PODCAST: 'Default Day' could be a week or two later, Investors turn to franc
Here are today's top headlines from the Marketplace Morning Report and from around the web.
Home prices in major U.S. cities rose for the second straight month in May, propped up by an annual flurry of spring buyers.
Ford said today its profit dropped in the second quarter. And Chrysler reported a loss, but said the loss would've been a profit if it didn't have to pay back bailout money to the government.
Mostly continuing political debate over whether -- and most importantly, how -- to raise the nation's debt ceiling before the country is supposed to default in one week. But that day -- August 2nd may not be right. Because analysts say tax revenues are running stronger than expected, that actual D -- for Default - Day could be as much as a week or two later than originally thought.
Currency investors are in a Zurich state of mind. With the dollar losing some of its shine investors are pouring money into the Swiss franc.
Netflix says the fee hike its rolling out is going to cost it -- shares of the movie rental company fell 10 percent yesterday.
The U.S. postal service will announce today it's looking at shutting down 1 out of 10 of its retail stores.
United Parcel Service, the world's largest package delivery company, said second-quarter profit rose, slightly beating Wall Street forecasts.
Billionaire George Soros is getting out of the investment game... for other people. Bloomberg reports Soros's firm will give back nearly a billion dollars to outside investors. And will then focus solely on Soros family investments.

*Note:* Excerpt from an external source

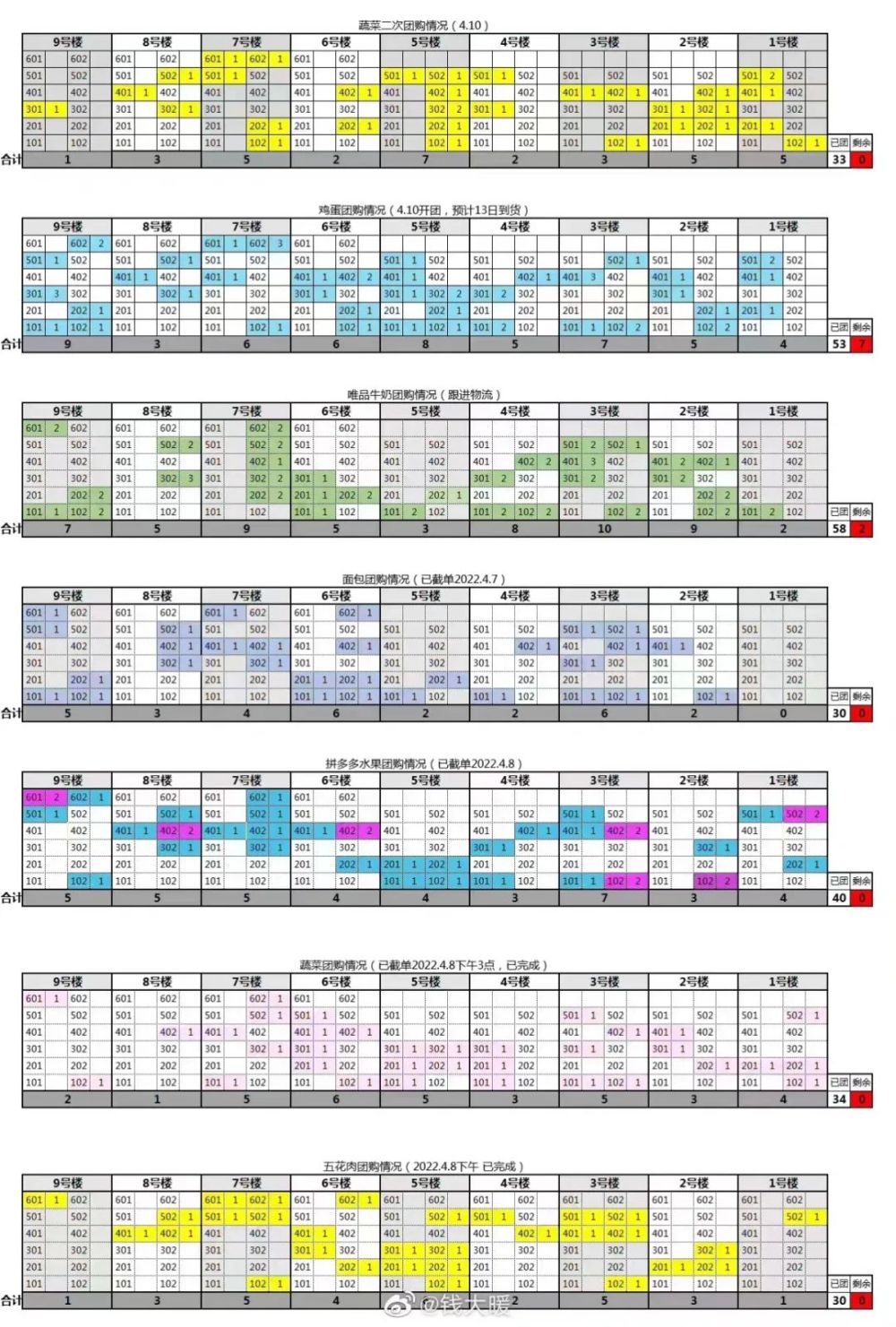 钱大暖说,日常工作受疫情影响,只剩下每周开一次周会,剩下的大部分时间都用在团购上。“我加了20来个供货群,一边跟供应商沟通,一边在线跟进已团商品的进度,一边还要用表格登记社区门牌号和采购数量……感觉像一个人打了3份工。”

You know all those fees that show up on your cell phone bills? Here's a little schadenfreude: Los Angeles is suing AT&T for failing to pay nearly $5 million for a "communications user tax." Maybe if AT&T has to sit on the phone for a few hours trying to find out exactly what a communications user tax is... we could call it even.
Finally, a group of English villagers wanted to break a world record and create the world's smallest pub. So they started pouring pints for patrons in one of those red London telephone booths. Ah, alas, the bar didn't have a license to pour those pints. So the current record stands... The smallest permanent licensed bar in the world is still the 91-square-foot pub in Switzerland known simply as The Smallest Whisky Bar on Earth.